Kahlo was virtually unknown as an artist when the two met. She had suffered numerous broken bones — including a spine fractured in three places, a broken pelvis and broken collar bone — in a 1925 bus accident that also left her unable to have children. She was very private and used her small-format painting to channel her physical and emotional suffering.

Immediately upon entering the exhibition, the visitor encounters a blown-up larger-than-life photograph of the pair — Kahlo looking off to one side as Rivera, who's right behind her, stares over Kahlo's shoulder straight at the camera.

"I think one of the things that is most compelling about this exhibition is the story of these two people, and we really thought this photograph captures that," said High director of collections and exhibitions David Brenneman.

In a small gallery right behind that photograph are self-portraits by each of them and a Kahlo portrait of Rivera.

The exhibition is organized more or less chronologically, so that the early part is dominated by Rivera, who was 20 years older than Kahlo. He lived in Europe from 1907 through 1921, beginning in Spain and then moving on to Paris. During that time he befriended many famous artists — including Pablo Picasso, Georges Braque, Amedeo Modigliani and Henri Matisse. In Europe, he experimented with cubism and a Paul Cezanne-inspired post-Impressionist style before reverting to a realist approach that was closer to his roots.

The exhibition then moves on to Rivera's return to Mexico, which had been greatly transformed during his absence by the Mexican Revolution. In his public mural project, he drew on indigenous and popular folk traditions. Since those murals can't be moved, the High included two reproductions in the exhibition to overcome one of what King, the curator, called one of the exhibition's greatest challenges.

"The Arsenal" is one of the murals reproduced in large format in the exhibition. From a series of murals featuring the education of rural workers on the ideals of Marxist ideology, it shows Kahlo handing out arms to workers.

"I don't think you get the grandeur of Diego without the murals," King said, adding that the obstacle also provided an opportunity to showcase a small selection of Rivera's more than 1,000 oil paintings.

"Even though he's most known for his murals, I think he's also a really great oil painter, so I think it's actually kind of refreshing to let people see him this way," King said.
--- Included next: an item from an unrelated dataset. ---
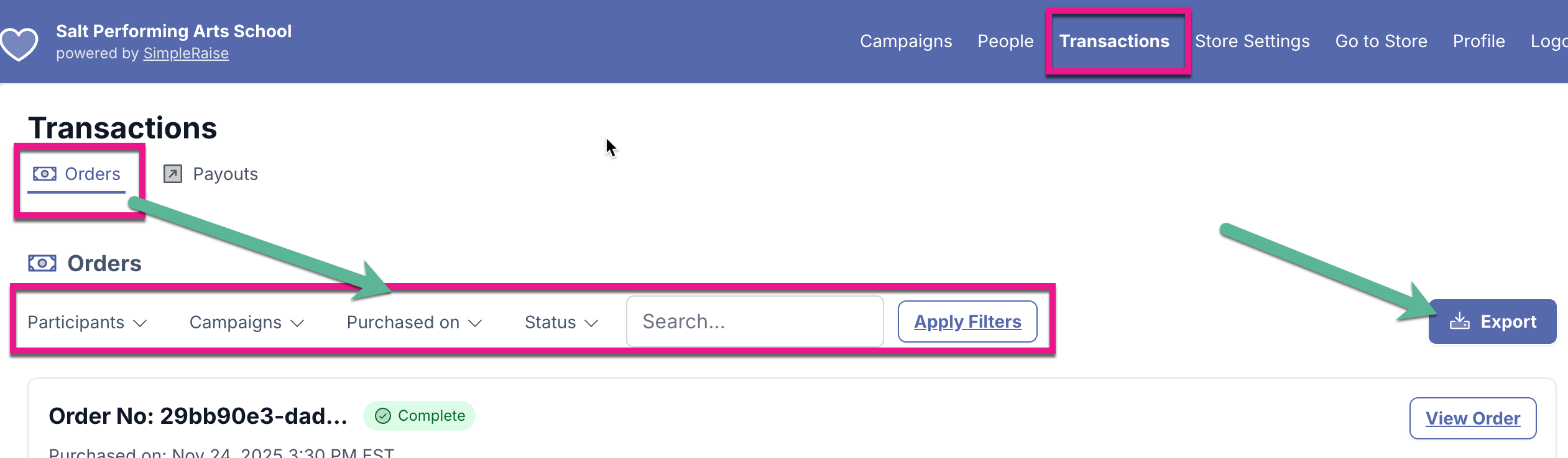 1) From the Store Dashboard, select the Transactions Page > Orders tab, and apply any filters needed such as Participant, Campaign, Purchased on, Status, email, phone, order #, etc.

Many of Rivera's oil paintings depict ordinary people, often rural workers, in everyday settings. In "Calla Lily Vendor," two young women kneel in front of a large bouquet of the sensual white flowers — a favorite motif for the painter — with only the vendor's hat and hands visible.

It's at this point in the exhibition, after the murals, that Kahlo's presence really begins to be felt, which echoes her entry into Rivera's life.

Shortly after marrying, the couple lived for three years in the U.S., where Rivera was commissioned to paint murals in San Francisco, Detroit and New York. He reveled in his celebrity status but Kahlo was homesick and less impressed by the industrialism and technological progress in the U.S. One piece from that time, which is the only collage she's known to have made, conveys her feelings, focusing on social decay, pollution and long unemployment lines.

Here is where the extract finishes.